Most museum visitors don’t realize that the institutions they are visiting exhibit only about 15% of their overall collection, the rest lies below your feet in storage. So it is no surprise that the National Geographic Society has followed this example with what has been described as a “secret” museum below the streets of NW Washington, DC.
“For many years,” Randy Kennedy writes, “there has been a kind of secret museum of photography under the streets of northwest Washington — an immense, windowless, climate-controlled archive with roots reaching back more than a century.”
Equally exciting is the news that the works will be sold.
“The pictures comprise the archive of the National Geographic Society, and it was this sentiment said Mr. Bonner, the society’s archivist, that motivated him and officials there to explore the idea of opening up the holdings to the fine-art market for the first time.
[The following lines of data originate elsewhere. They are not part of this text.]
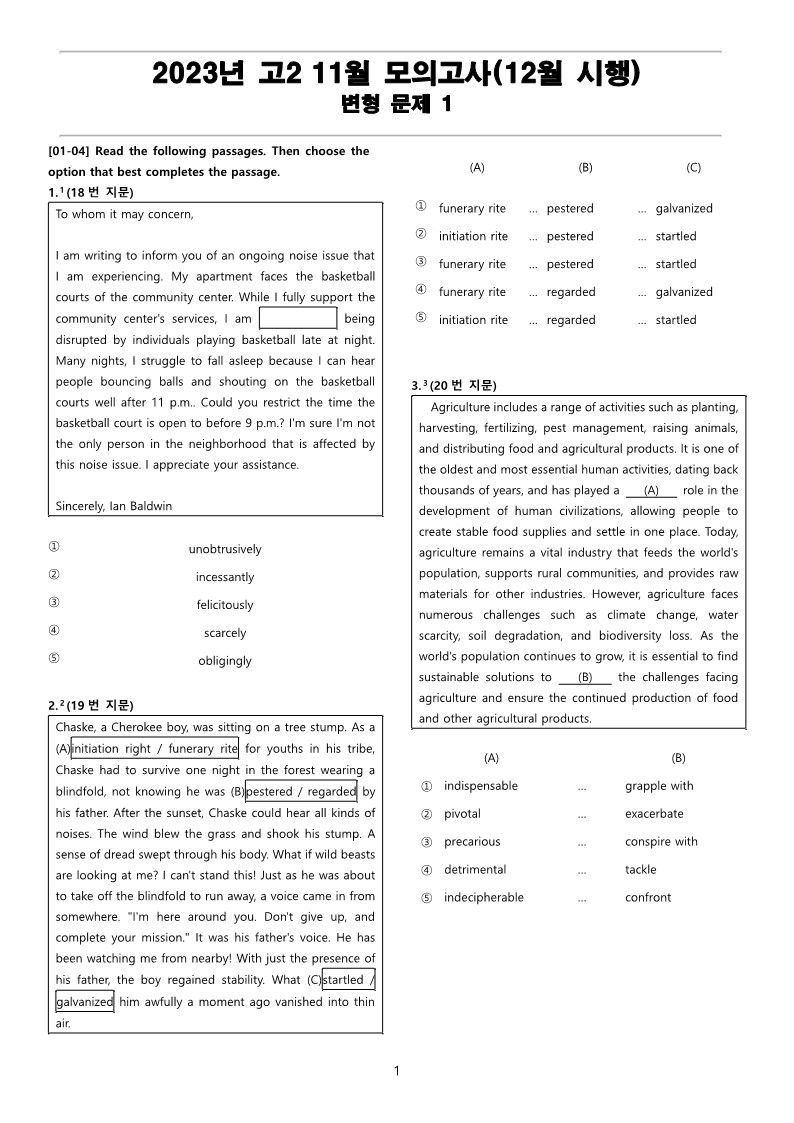 2023년 고2 11월(12월 시행) 전국 연합 모의고사 변형 문제 Part 1 (44문항) (워드파일/편집가능)
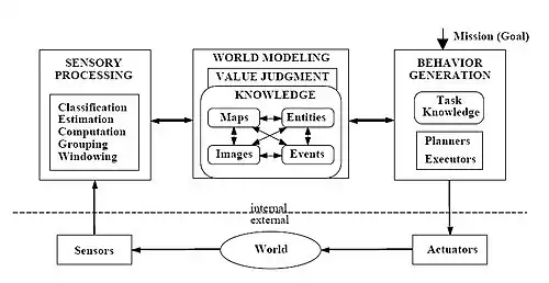 Sensory processing performs the functions of windowing, grouping, computation, estimation, and classification on input from sensors. World modeling maintains knowledge in the form of images, maps, entities, and events with states, attributes, and values. Relationships between images, maps, entities, and events are defined by pointers. These relationships include class membership, ontologies, situations, and inheritance. Value judgment provides criteria for decision making. Behavior generation is responsible for planning and execution of behaviors.[5]
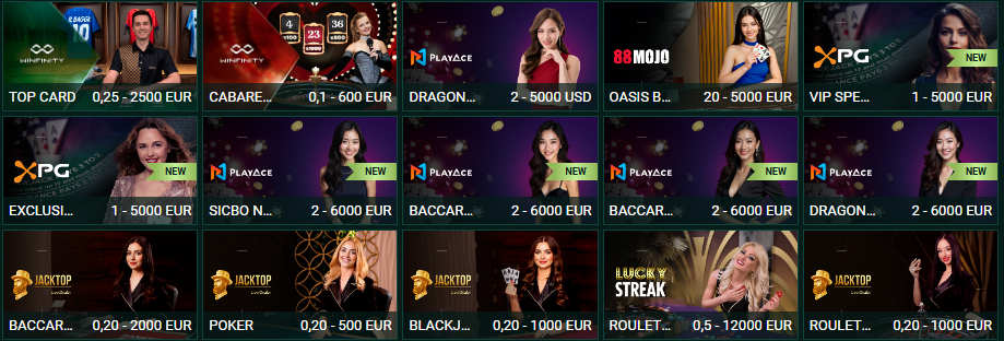 - Roulette, blackjack, baccarat and poker with real-time dealers from Evolution, Pragmatic Live and others.
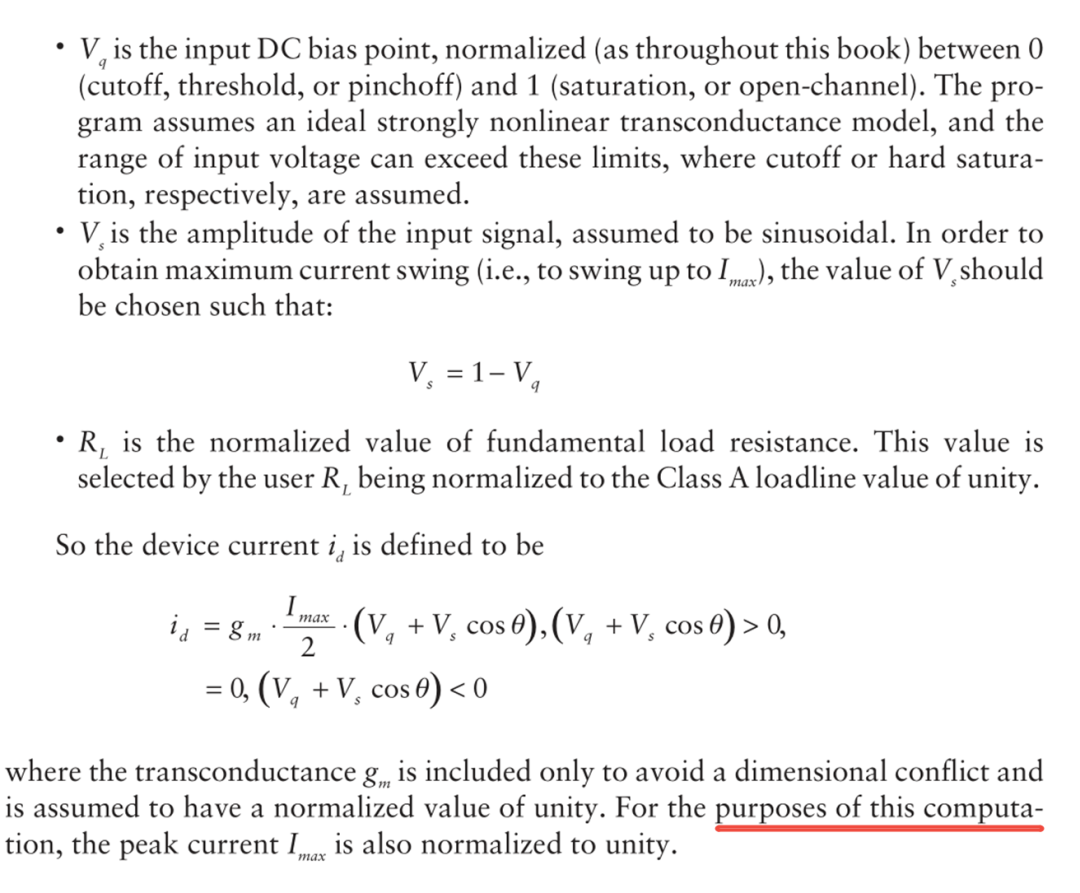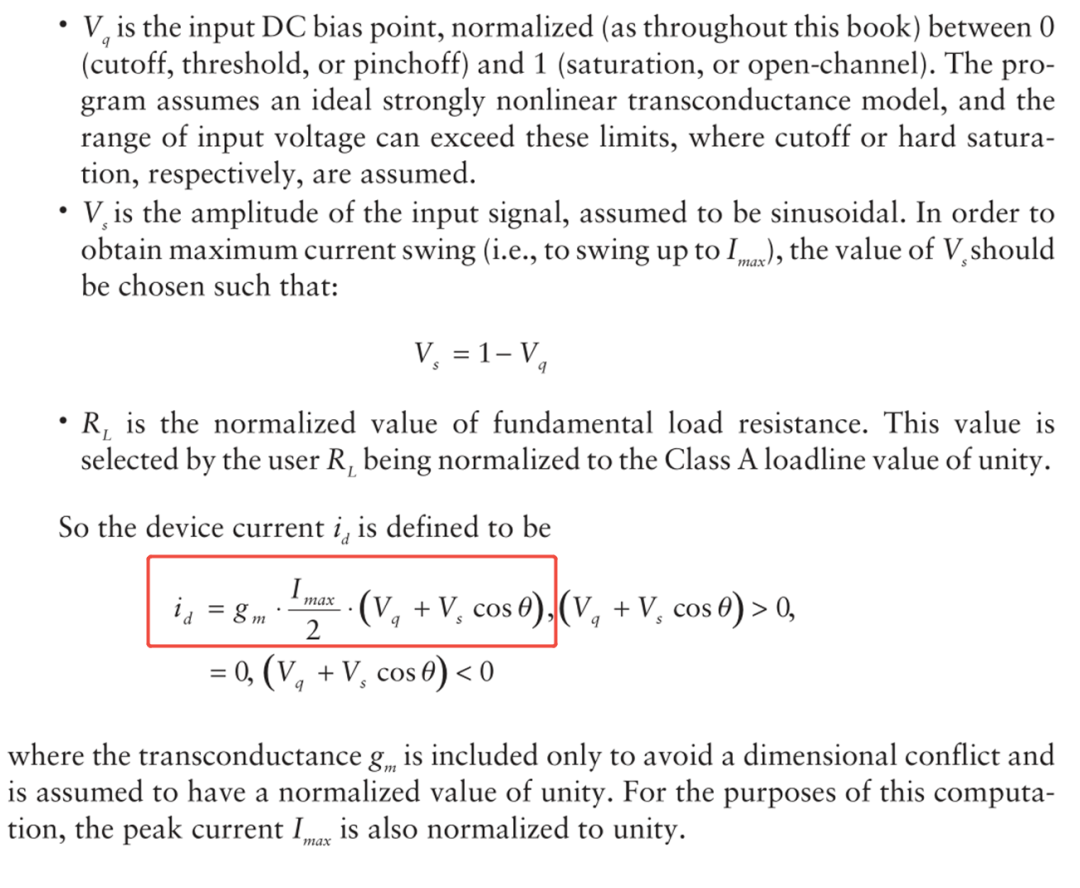 Q:打扰一下在《RF Power Amplifiers for Wireless Communications》书中,为啥会有Imax/2?没看懂这个公式, 有知道的同学,麻烦抽空指点一下,谢谢啦。p47。
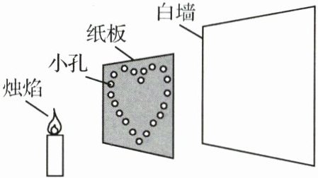 6. (2025 泰州海陵五校联考)如图所示,在一个纸板上打若干个小孔,组成一个心形,在室内让这个纸板在烛焰和白墙之间移动,在墙上能看到的图案是( )
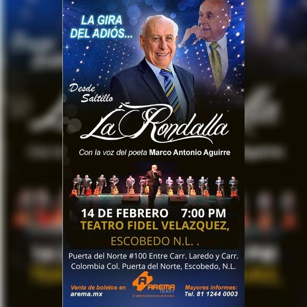 En el día del amor ...Lo pediste y regresa ! Desde Saltillo La Rondalla! UNICA FUNCION en la gira del adios,revive los éxitos que serán inolvidables
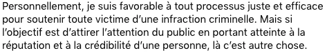 Ajouter un « mais » à la phrase précédente revient un peu à dire « je ne suis pas raciste, mais. » On est favorable à la croyance des victimes ou on ne l’est pas. Encore faut-il définir les critères personnels du principal intéressé afin de décrire sa compréhension d’un processus « juste et efficace ». Le fait même d’utiliser ces mots renvoie à un refus de reconnaissance de ses gestes ainsi qu’à une position de supériorité quant à ce que « devrait » être, selon lui « personnellement », une dénonciation crédible.
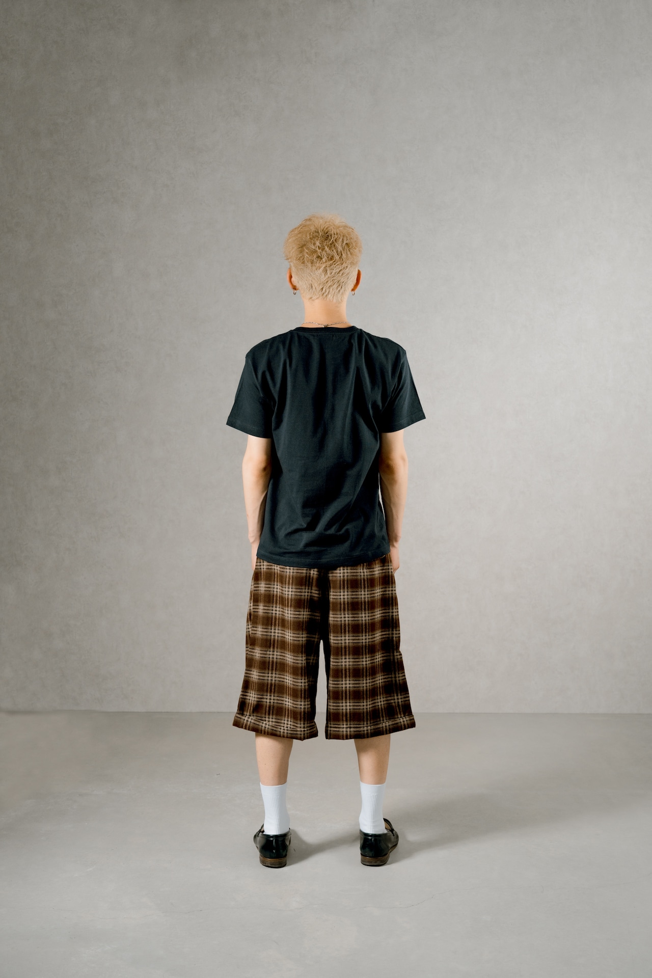 膝が隠れる絶妙な丈感に、太すぎないバギーシルエット。腰まわりはすっきり、動きやすくてリラックス。ベルトループ付き・前ボタン仕様・ヒップポケットにはブランドタグ付きで、細部にもこだわりを。
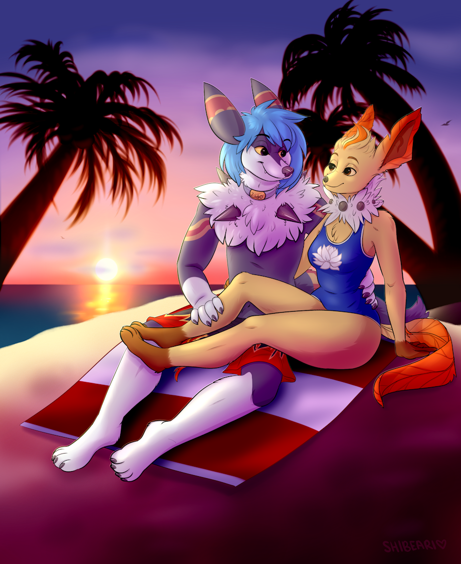 This is myself and my girlfriend, Lotus, who happens to be a Leafeon-Rockruff hybrid. She typically wears anything related to Eastern Country culture, more often dressed in kimonos and 'schoolgirl outfits'; she was more than happy enough to settle into a sukumizu for the photo op, though~.

National Geographic’s goal is to find private and institutional collectors for the vintage black-and-white prints and later color images.”
I wish for the NGS’s sake that someone would have thought of this in 2006-2007, but I always applaud new material on the market – there has got to be some exciting sleepers for the niche photojournalism market.
Thank you NYTimes Art & Design: Treasures From an Underground Trove and I’m curious if we’ll be able to preview some of the rare works during Fotoweek DC before they are shipped off to Chelsea? Perhaps it would be a good marketing tool and would increase the chances of keeping some of these treasures in DC-based collections?